A chemical peel is a process whereby a particular peeling agent or acid is placed on the skin to produce a controlled injury. Chemical peels can treat photodamaged skin by improving texture, evening pigmentation, and reducing wrinkles.

How deep do chemical peels penetrate?

Chemical peels can be performed at different levels of the skin.  The level of penetration determines the results as well as the healing time and potential side effects.  Superficial peels (glycolic acid, salicylic acid, low-strength TCA, and Jessner’s solution) penetrate the epidermis (uppermost layer of the skin).  Intermediate depth peels (medium-strength TCA) penetrate the papillary dermis or upper reticular dermis (the second layer of the skin).  Deep chemical peels (high-strength TCA and Phenol) penetrate the mid-to-deep reticular dermis but have largely been replaced by laser resurfacing.

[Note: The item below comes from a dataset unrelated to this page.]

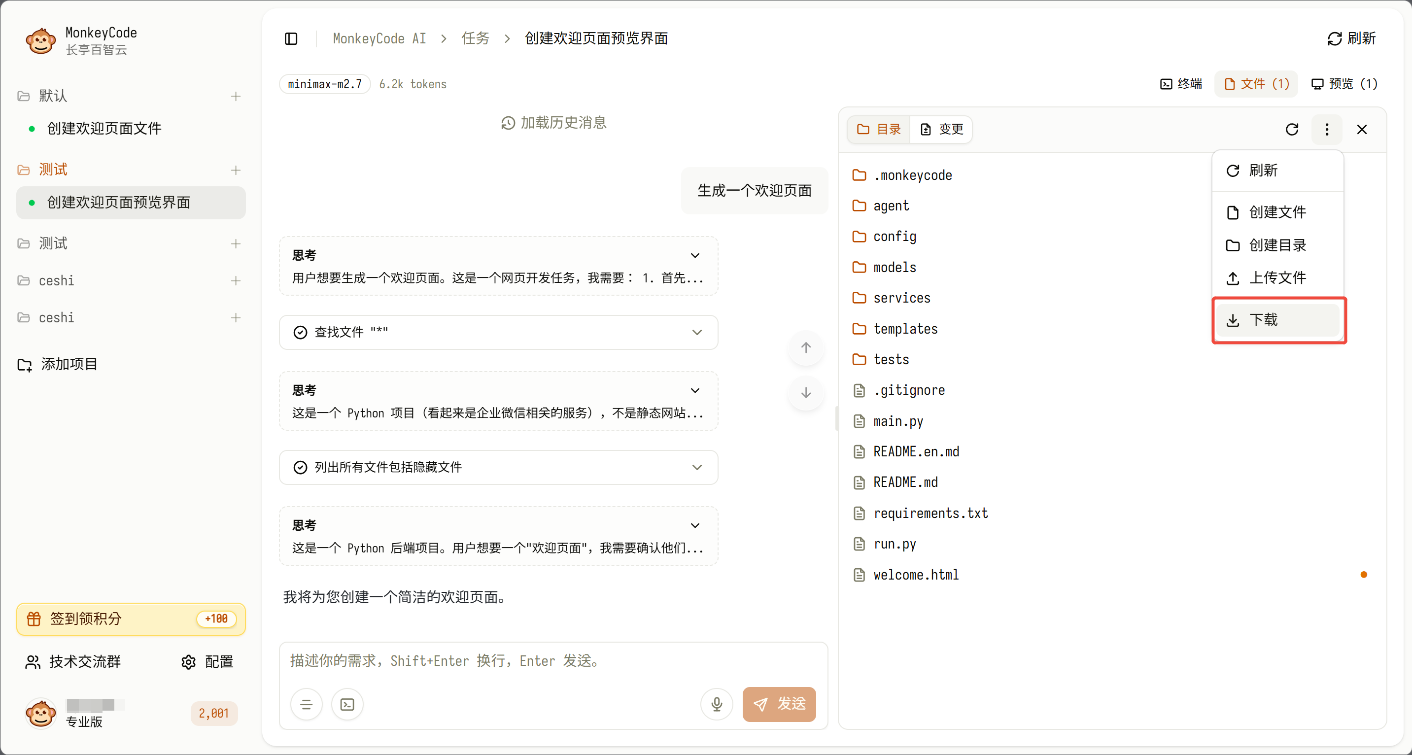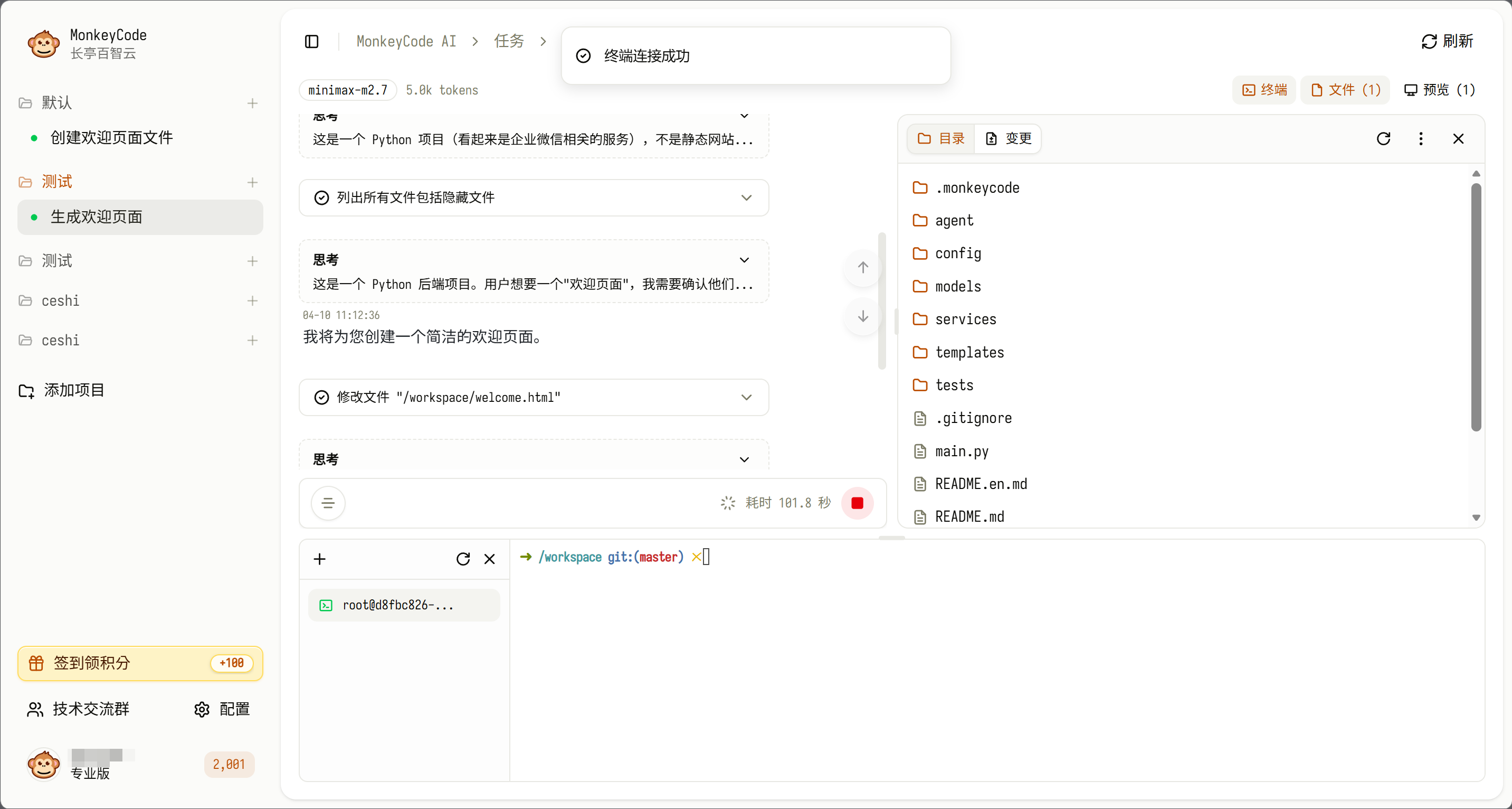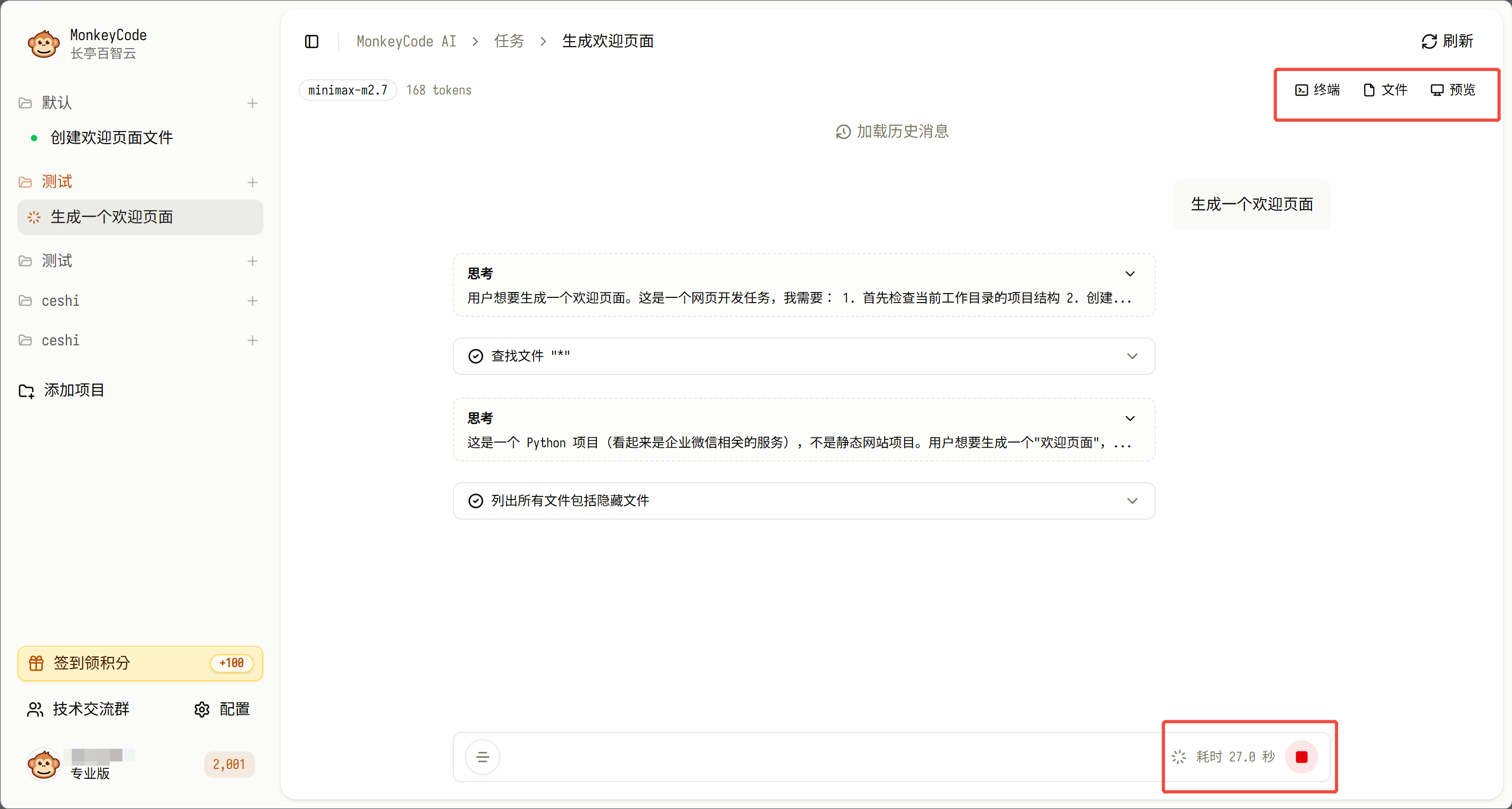 进度可视化:任务执行期间,界面将展示详细的执行步骤、各步骤耗时,右侧面板可查看项目文件结构、变更文件预览等核心信息。在“文件”中上传或下载需要文件,在“终端”采用终端命令的方式进行测试。

Do I need to do anything before I receive a chemical peel?
It is recommended that most patients have a pre-treatment regimen.  This allows for the best peel and minimizes the risk of side effects, particularly unwanted pigmentary changes.  Sunscreen is critical and an SPF of at least 30 is recommended.  Retinoids, alpha hydroxy acids, and hydroquinone, may be suggested by the physician.

Can I have a chemical peel if I have dark skin?
Because chemical peels affect skin pigment, darker skin types should only receive superficial peels.

What are the potential side effects of chemical peels?
While most patients do well with chemical peeling, the following side effects can occur.

Most people experience redness, skin tightness, and peeling that typically resolves within one week.  It is uncommon for people to have uneven results, delayed healing or infection.